Second order differential equation

[Garlick25]

could someone help solve this for me please. Been trying for a week now and not understanding the methods. Thanks in advance

 

[Zermelo]

In this equation, you have y’ and y’’, and no y. That means that you can look at it as a first order differential equation of the function y’. Or simply, make the substitition y’ = z, see what comes up, and get back to us.

 

[Deleted member 4993]

View attachment 32161

could someone help solve this for me please. Been trying for a week now and not understanding the methods. Thanks in advance

First of all you need to decide whether you have a initial value problem or boundary value problem? What methods have you been taught for such problems. Then read the response #2 carefully and tell us what you found?

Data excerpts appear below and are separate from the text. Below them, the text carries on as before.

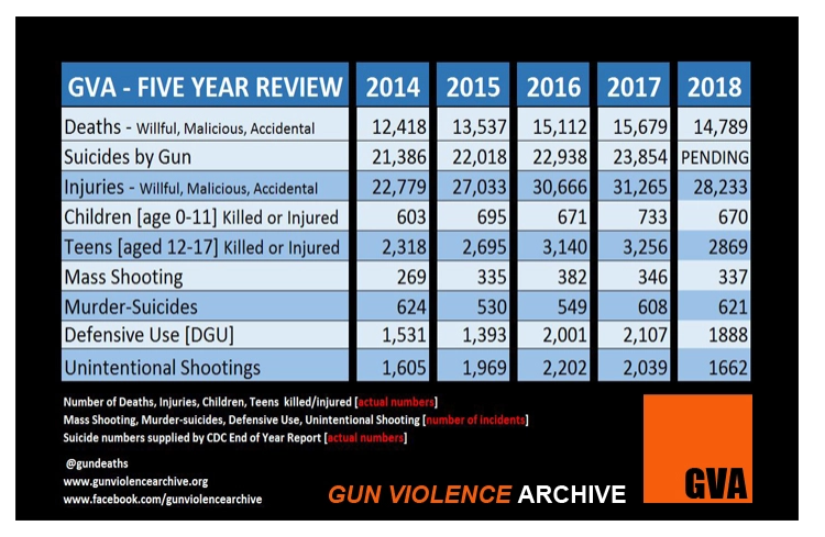 △枪支暴力档案(Gun Violence Archive)记录的2014到2018年美国因枪支暴力事件死亡的人数
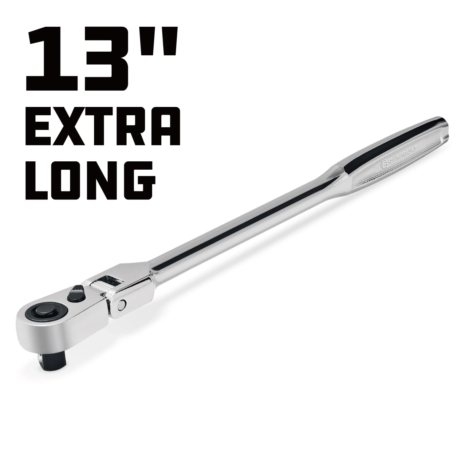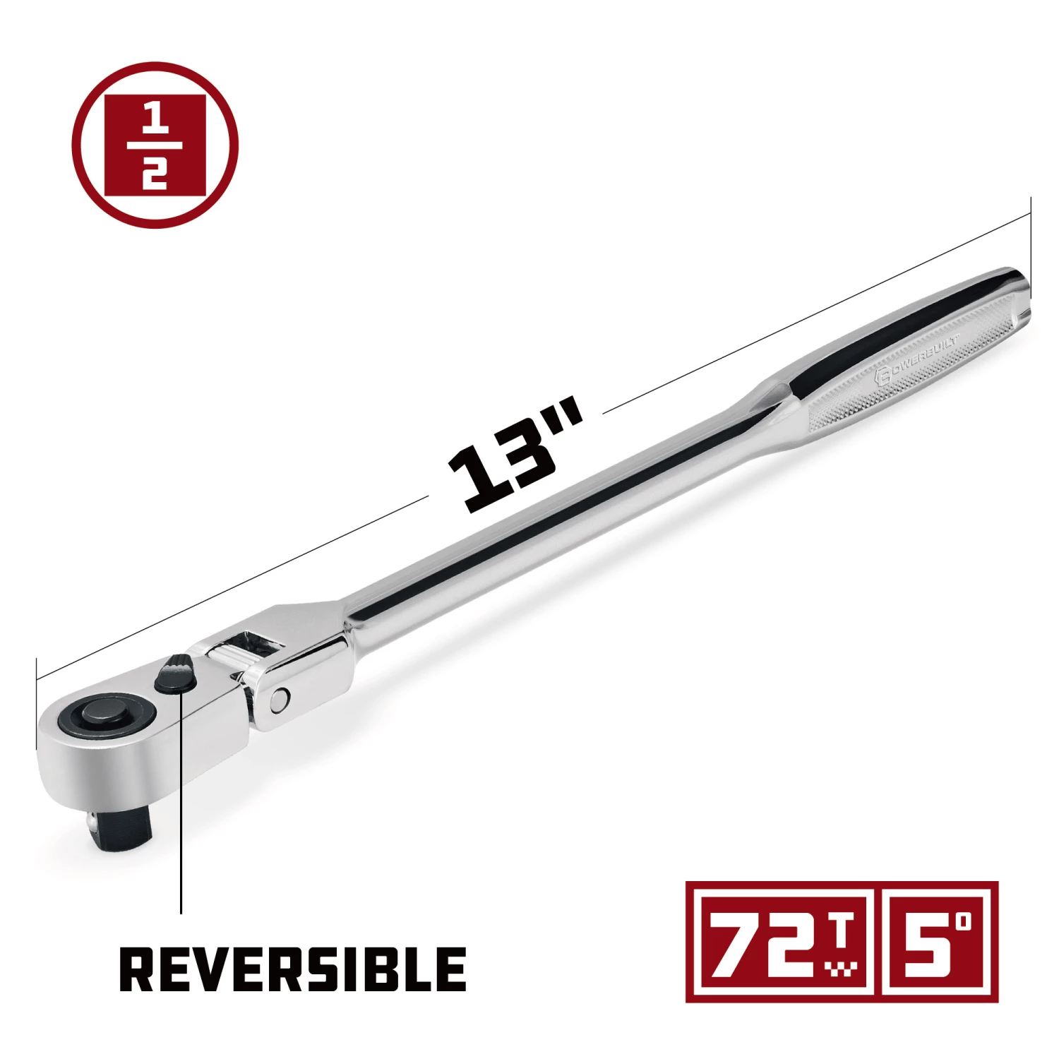Best Sale ๐ฏ Powerbuilt 1/2 Inch Drive 72 Tooth Pro Tech 13 Inch Long Reach Flex Head Ratchet with Contour Handle – 649954 ๐
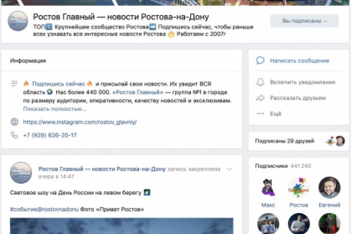 Городской информационный портал. Работа велась с социальными сетями: ВКонтакте: https://vk.com/public36039

Please show us what you have tried and exactly where you are stuck.

Please follow the rules of posting in this forum, as enunciated at:

READ BEFORE POSTING​

Please share your work/thoughts about this problem.

 

[Garlick25]

This is the whole problem and what i have so far. Thank

 

[Deleted member 4993]

This is the whole problem and what i have so far. ThankView attachment 32162
View attachment 32165

C₁ - t² = ( √C₁ + t) * (√C₁ - t)

use partial fractions and continue......

 

[BigBeachBanana]

Or factor out [imath]c_1[/imath].
[math]y=\int - \frac{1}{-t^2+c_1}\, dt =\int \frac{1}{t^2+c_1}\,dt= \int \frac{1}{c_1}\cdot \frac{1}{\frac{t^2}{c_1}+1}\, dt[/math]Now, let [imath]u=\frac{t}{\sqrt{c_1}}[/imath]. After the substitution, you might be able to recognize that integral.